If one of your input is binary (ie. boolean), it might be a problem for Int Grad because it is supposed to gradually vary the input from a baseline value to its actually provided value.

vagarwal87 commented 6 years ago

"Are you passing a baseline with batch dimension?" From the example I've given, the input is [xs, xs2], where the dimension of xs is 1 x 10500 x 4, and dimension of xs2 is 1 x 6, and the 1 is the batch dimension. Therefore I was thinking that the correct dimension for the baseline (after having read your README) should be [bl1, bl2], where bl1 is 10500 x 4 and bl2 is 6 (which removes the batch dimension). Please let me know if this is not the case. Adding the line to my above script:

baseline = [np.repeat(np.array([[0.2,0.2,0.3,0.3]]), 10500, axis=0), np.zeros(6)] map = de.explain(method, fModel(input_tensor), input_tensor, [xs, xs2], baseline = baseline)

should reproduce the error.

"The problem with integrated gradients was caused by lack of support for multiple inputs of different shape. Now this is fixed." Thanks, glad to hear! Regarding Boolean input, I'll switch this to floating point during training to see if it changes the outcome. It could be that Tensorflow automatically treats Boolean as a 0/1 floating point matrix.

marcoancona commented 6 years ago

Yes, your understanding of the baseline is correct. But I just realized, from the stacktrace you posted above, you are using the following line:

map = de.explain(method, fModel(input_tensor), input_tensor, [xs, xs2], baseline = [xs, xs2])

where the baseline is actually identical to the input. This is causing the problem. Your sample code works for me with the baseline.

vagarwal87 commented 6 years ago

I accidentally posted the wrong stacktrace...but I figured out the source of my error, it was just a strange Python error.
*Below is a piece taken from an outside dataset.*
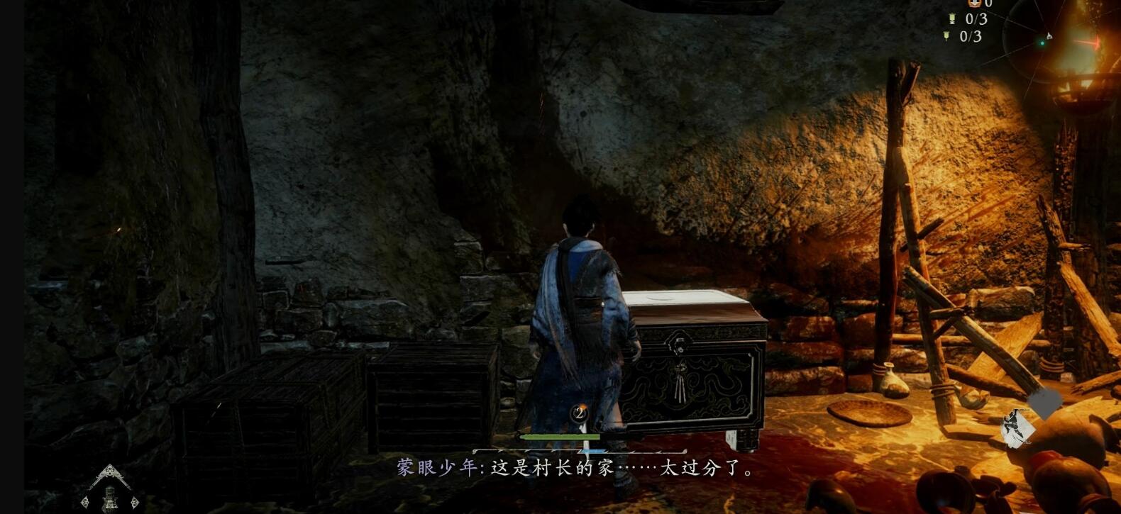 在村庄中救出一名蒙着双眼的少年后沿着小路前进,从最前方可以获得一个【真气碎片】,随后向左前进。

When I run this:

import os, h5py
from optparse import OptionParser
from keras.models import load_model, Model
import numpy as np
from keras import backend as K
from deepexplain.tensorflow import DeepExplain

batchsize = 1
baseline2 = [np.repeat(np.array([[0.2, 0.2, 0.3, 0.3]]), 10500, axis=0), np.zeros(6)]

def main():
    usage = 'usage: %prog [options] <data_file> <testfile>'
    parser = OptionParser(usage)
    (options,args) = parser.parse_args()

    if len(args) != 2:
        print args
        parser.error('Must provide data file and output directory')
    else:
        data_file = args[0]
        testfile = args[1]

    testfile = h5py.File(testfile, 'r')
    Xin1, Xin2, y_test = testfile['data'], testfile['data2'], testfile['label']
    model = load_model(data_file)

    with DeepExplain(session=K.get_session()) as de:
        input_tensor = model.inputs
        fModel = Model(inputs = input_tensor, outputs = model.outputs)

        for method in ['deeplift', 'elrp', 'occlusion']: #'grad*input', 
            for i in range(0,10):
                xs = Xin2[i*batchsize:(i*batchsize+batchsize),3000:13500,:]
                xs2 = Xin1[i*batchsize:(i*batchsize+batchsize),:]
                ys = y_test[i*batchsize:(i*batchsize+batchsize)]
                map = de.explain(method, fModel(input_tensor), input_tensor, [xs, xs2], baseline = baseline2)
                X, X2 = map[0], map[1]
                np.savetxt(method.replace("*", "")+str(i)+'.txt', np.column_stack((ys, 10**4 * np.sum(X, 2), X2)), fmt='%.3f')

if __name__ == '__main__':
    main()

it results in the following stacktrace:

File "deep_explain2.py", line 41, in main() File "deep_explain2.py", line 36, in main map = de.explain(method, fModel(input_tensor), input_tensor, [xs, xs2], baseline = baseline2) File "/mnt/c/Users/vagar/Downloads/keras3/src/deepexplain/deepexplain/tensorflow/methods.py", line 452, in explain result = method.run() File "/mnt/c/Users/vagar/Downloads/keras3/src/deepexplain/deepexplain/tensorflow/methods.py", line 285, in run self._set_check_baseline() File "/mnt/c/Users/vagar/Downloads/keras3/src/deepexplain/deepexplain/tensorflow/methods.py", line 107, in _set_check_baseline % (self.baseline[i].shape, self.xs[i].shape[1:])) RuntimeError: Baseline shape (1, 10500, 4) does not match expected shape (10500, 4)

However when I define baseline2 within the scope of the main function, everything mysteriously runs fine, I tend to use other languages more than Python so this is somewhat strange behavior to me in handling global vs local scope...in any case, thank you for your patience in helping me and I'll close out the issue again.